Anyhow, back to the running. When I came in the door last night I told David,
“If I didn’t just achieve a personal best in distance, I might actually quit running.”
Because let me tell you, running in the pea soup that is Florida air after an afternoon rainstorm is NOT FUN. Add to that the fact that my neighborhood is made up of a bunch of hills strung together, and that I accidentally ran up a mountain last night, well.
You see, I am trying to increase my mileage every time I run. But if I plan my routes ahead of time so that I actually know where and how far I am going when I run, I psyche myself out and am much less likely to actually complete the run. I enjoy flying by the seat of my pants, so to speak. It helps keep my mind off the pain of running and occupied trying to decide where I’m going and remember where I’ve gone and guessing how far I’ve run. Plus it’s a fun way to explore and get to know the neighborhood. This is how I came to run up a mountain:
It was a slight incline, which is normal for my ‘hood. But then all of a sudden I found myself here:
Did you know that running down a steep road is no piece of cake? It takes a lot of focus and restraint not to go tripping/rolling down the mountain!
I made it to the bottom without tripping OR rolling down the hill, and I was feeling pretty good. Until I turned the corner and discovered THIS:
You know the term “feel the burn,” right? I felt my calves’ hearts breaking. They were crying and it was serious. Their little calf muscle chests got all tingly and tight and everything. But we persevered, my sobbing calf muscles and I.

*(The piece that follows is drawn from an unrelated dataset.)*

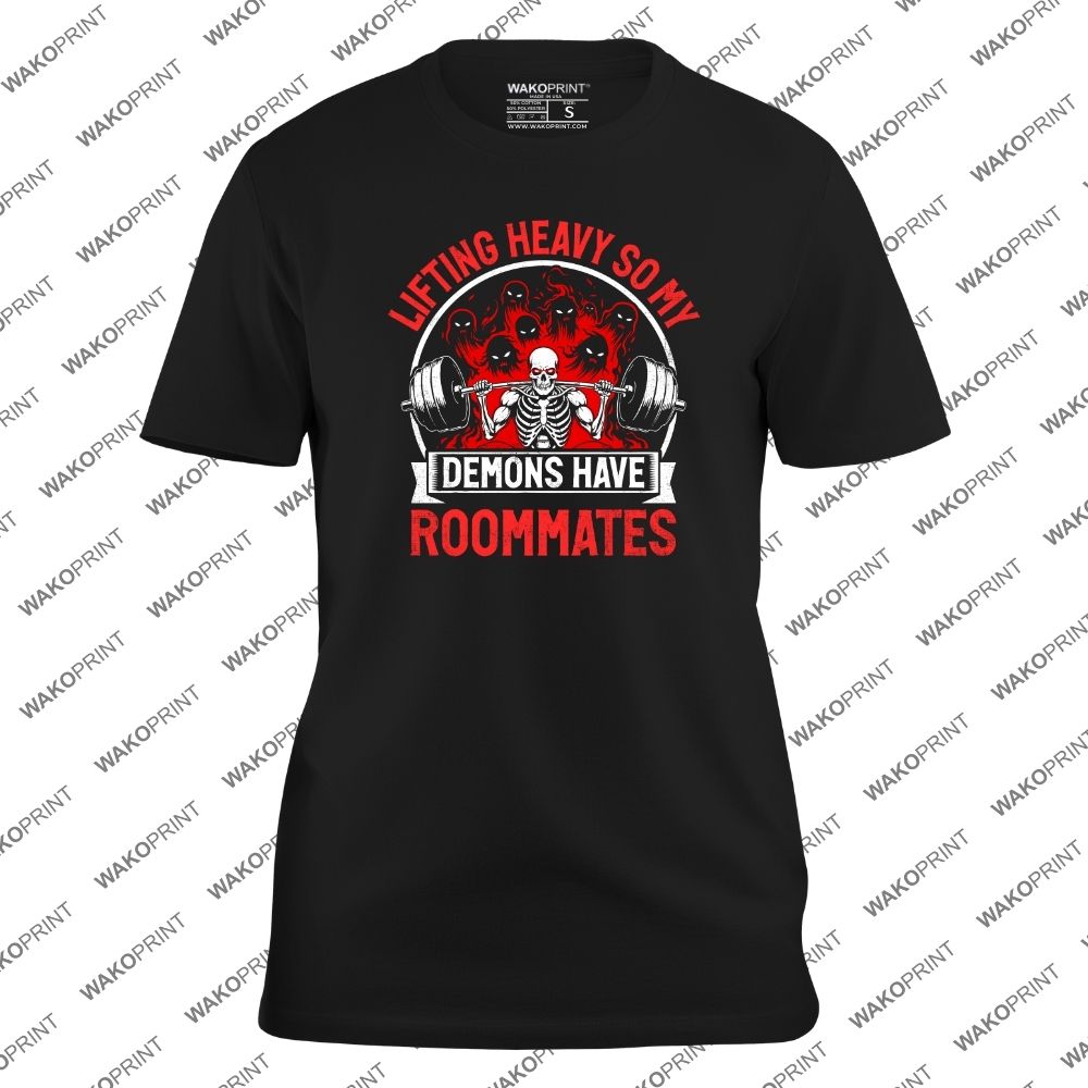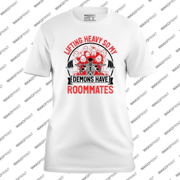 Lifting Heavy So My Demons Have Roommates T-Shirt – Funny Gym Fitness Weightlifting Tee

Know what got me through to the top? The song, “Let’s Get Retarded (In Here).” I know. That is not good Christian music, kiddies and I’m not endorsing it! I am saying that the song has a bad attitude, and by this point in my run SO DID I. My thoughts went something like this:
“Why am I still running? What am I trying to prove? This is retarded!“
But I made it to the top, and then I KEPT GOING. I kept going until I could not go anymore, and when I walked in the door I told David,
“If I didn’t just achieve a personal best in distance, I may actually quit running.”
And you know what? We went back and drove it, and it was a personal best! I made it 4.3 miles without walking, and that mountain was almost exactly in the middle. Am I bragging? Yeah, a bit. But I am also saying that THIS is what I love about running: 99% of the reward comes once the run is over and your body parts aren’t crying anymore and the happy hormones are flooding your brain and you feel like you have really accomplished something – even if it’s something as small as breaking your personal record by a measly 2/10’s of a mile.
Do something you have never done before – even if it’s just by 2/10’s of a mile!